Adding to this discussion, a 2022 study proposed that liquid water may have existed on Mars as recently as 2 billion years ago. While the new drainage mapping does not directly date the rivers, the scale and organization of the systems strongly support the idea that water shaped Mars over extended periods.


Other Evidence That Mars Was Once Wet

The newly mapped watersheds join a long list of geological and mineralogical clues pointing to a watery Mars, including:

  • Deltas, where rivers once emptied into lakes.
  • Outflow channels, carved by massive releases of water.
  • Gullies, some of which may have formed relatively recently.
  • Coastal-like terraces, hinting at standing bodies of water.
  • Clay minerals, which typically form in the presence of water.
  • Sulfates and carbonates, indicating water-driven chemical processes.
  • Hematite spherules, nicknamed “blueberries,” discovered by NASA’s Opportunity rover in 2004 and linked to groundwater activity.

Together, these features paint a picture of a planet that was once far more Earth-like than it is today.


What Happened to All That Water?

If Mars once had so much flowing water, where did it go? Scientists point to several likely causes.

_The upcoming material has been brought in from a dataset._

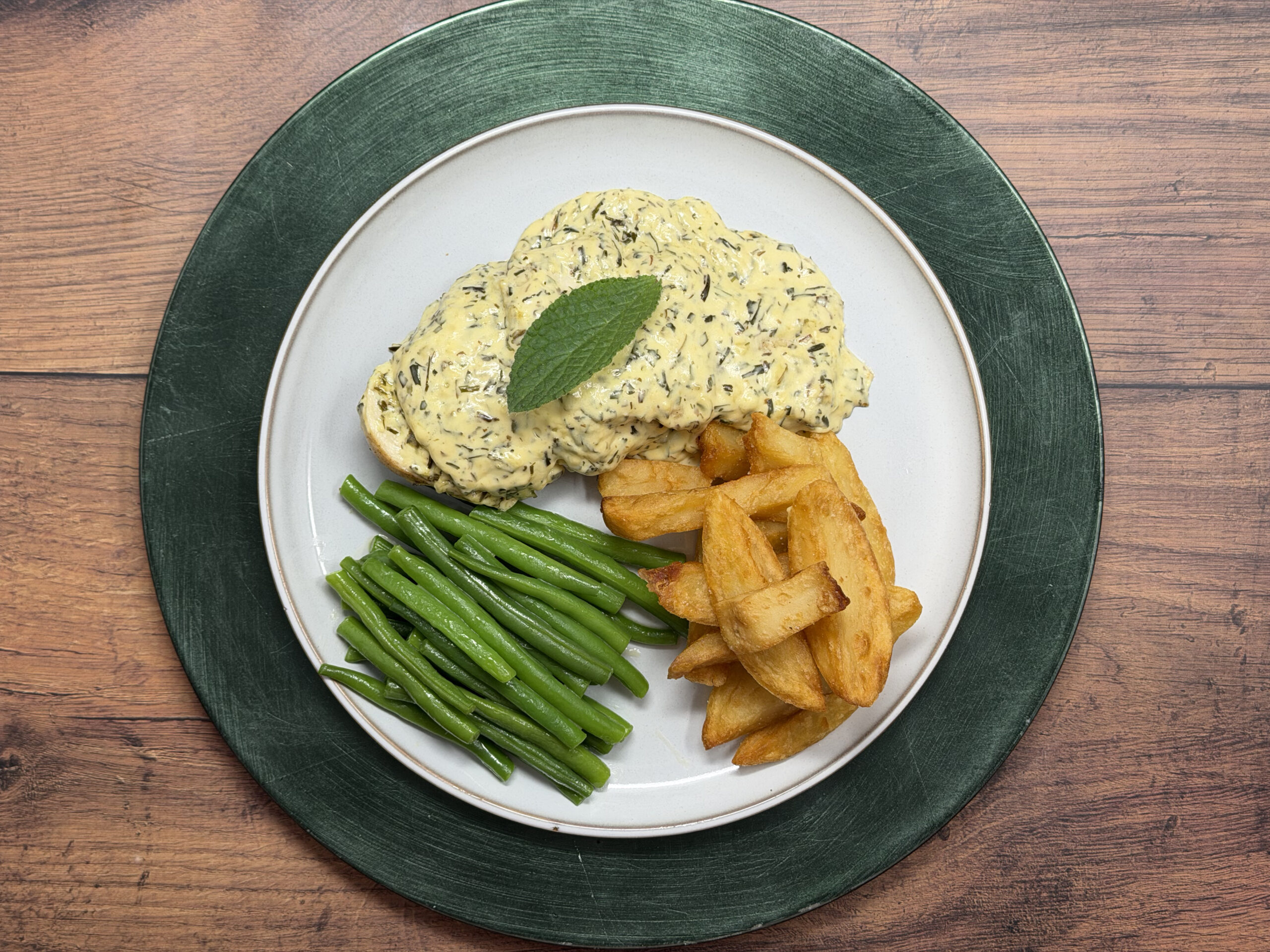 Chicken breast in cream & tarragon sauce. Served with sides of pomme frites & vegetables.

One major factor is the loss of Mars’ magnetic field. Unlike Earth, Mars has a much smaller core, which cooled relatively quickly. As the core cooled, the planet’s magnetic field weakened and eventually dissipated. Without that protective shield, Mars’ atmosphere was exposed to solar wind and cosmic radiation, which gradually stripped it away.

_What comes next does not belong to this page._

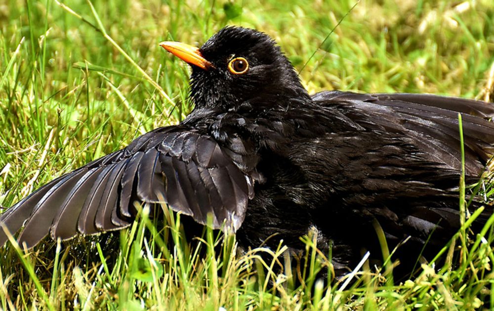 Soms zitten vogels met gespreide vleugels vol in de zomerzon. Heel warm natuurlijk, maar door de hoge temperatuur nemen luizen en mijten de benen. Het wordt ze te heet onder de voeten. Dat is de vogel wel even wat hijgen en puffen waard!

With a thinner atmosphere, surface temperatures dropped and liquid water became unstable. Some water escaped into space, while scientists believe a significant amount may still be locked underground as ice or groundwater, or trapped in the planet’s polar regions.


Why These Watersheds Matter for Future Exploration

Large drainage systems are especially interesting for scientists searching for signs of ancient habitability. Where water flows for long periods, it interacts extensively with rock, creating chemical gradients and potentially concentrating organic material.

Because of this, the newly mapped watersheds could become high-priority targets for future Mars missions, particularly those focused on astrobiology. Understanding where sediment accumulated also helps researchers identify places where evidence of past life, if it ever existed, might be preserved.


A New Framework for Studying Planetary Rivers

Beyond Mars, this study also demonstrates a powerful new method for mapping ancient river systems on other worlds. By adapting Earth-based hydrological tools to planetary datasets, scientists can better reconstruct the environmental histories of planets and moons across the solar system.

In that sense, this research is not just about Mars’ past—it also opens doors to understanding how water shapes rocky planets everywhere.